I am not planning to give up on music this time. Will keep working on it at my own pace with no timetable, but there will always be music. Over the last 17 months, the method to learning and singing this "song of the week" has evolved and it has kind of reached a set routine. I am documenting this routine in hopes that it helps aspiring students who are in the same boat as me. No formal classical training, but want to improve their singing.

1. Listen to the sound track 20-30 times on a loop while walking, cutting veggies, while in the bathroom, when taking a walk at lunch, basically when time permits. 

2. Listen to the music on Youtube video but at 0.75x speed. I didn't even know you could listen to Youtube videos at different speeds till this music interest! 

3. Listen to the recording of the teaching show. (given the Chennai to California time difference, I always end up watching the recording of the teaching show).

4. Take notes by hand of what you need to pay attention to. Write down every word. My notes are probably for me and may not help others. To each his own! The notation you use might be different.. I put some wavy lines which mean something to me which doesn't make any sense to others. Where possible I write down swarams or notes for select syllables so I can hit the right starting, highlight or ending note. 

5. Correct the notes by cross referencing to the OST (Original Sound Track, another abbreviation that I was not aware of!) and the Youtube 0.75x listen. 

6. Start singing a few times with audio only to finish entire song. If you make a mistake keep going to finish song. Delete all the wrong ones. Listen but don't save.

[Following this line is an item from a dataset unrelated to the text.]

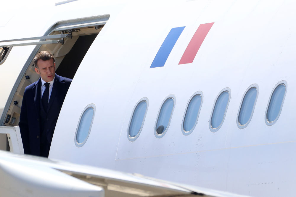 3月9日,法國(guó)總統(tǒng)馬克龍抵達(dá)塞浦路斯西南部的帕潘德里歐空軍基地。新華社發(fā)(喬治·克里斯托弗魯攝)

7. Once you are okay with singing the entire thing by heart, now go for the feel of the song. Lyrics you know by now. Ragam and Taalam you know by now. So now after 20-30 tries work on the feel and emotion. 

8. Once that also seems as good as it can get under current skill set, start recording with video. This is the painful part as you cannot overwrite a specific line in video. You make a mistake, you have to start from scratch. Do it! In video there is no point in finishing song. Here you just delete after a mistake and start over!

9. Verify song before saving.

10. Send song to MIL for review. If she says "okay" or "decent" then submit. Else, delete and start over after figuring out what was off. 

This method is the current status quo. Song is taught over weekend. Listening is done over weekend. First few tries on Monday evening, second try Tuesday. Video attempt on Wed and if fail, Thursday. Submit Thursday night or Friday AM before deadline. 

Will keep doing this approach. It used to take me 60 tries to get an "OK". These days I get it in 30 tries which is good.

However that said, there are songs which have taken me 100+ attempts to try as they are way outside my current skillset and I am practically memorizing notes and just brute forcing it by repetition. 

When singing something not taught yet by Paadarivom, I do same method, except there is no teaching show to watch and the notes are from the OST and slowed down Youtube video. Picking the right track that matches the tempo of the OST is key. Sometimes folks speed up the tracks to make it easier for beginner singers to look good, but that backfires if you want to sing it right and do justice to the song!

Let's see where this method gets me in 2023! Who knows, this method might change as things improve, or more steps might end up being added as more things become obvious! It is all part of the learning!

Wishing all of you a wonderful new year filled with music and happiness!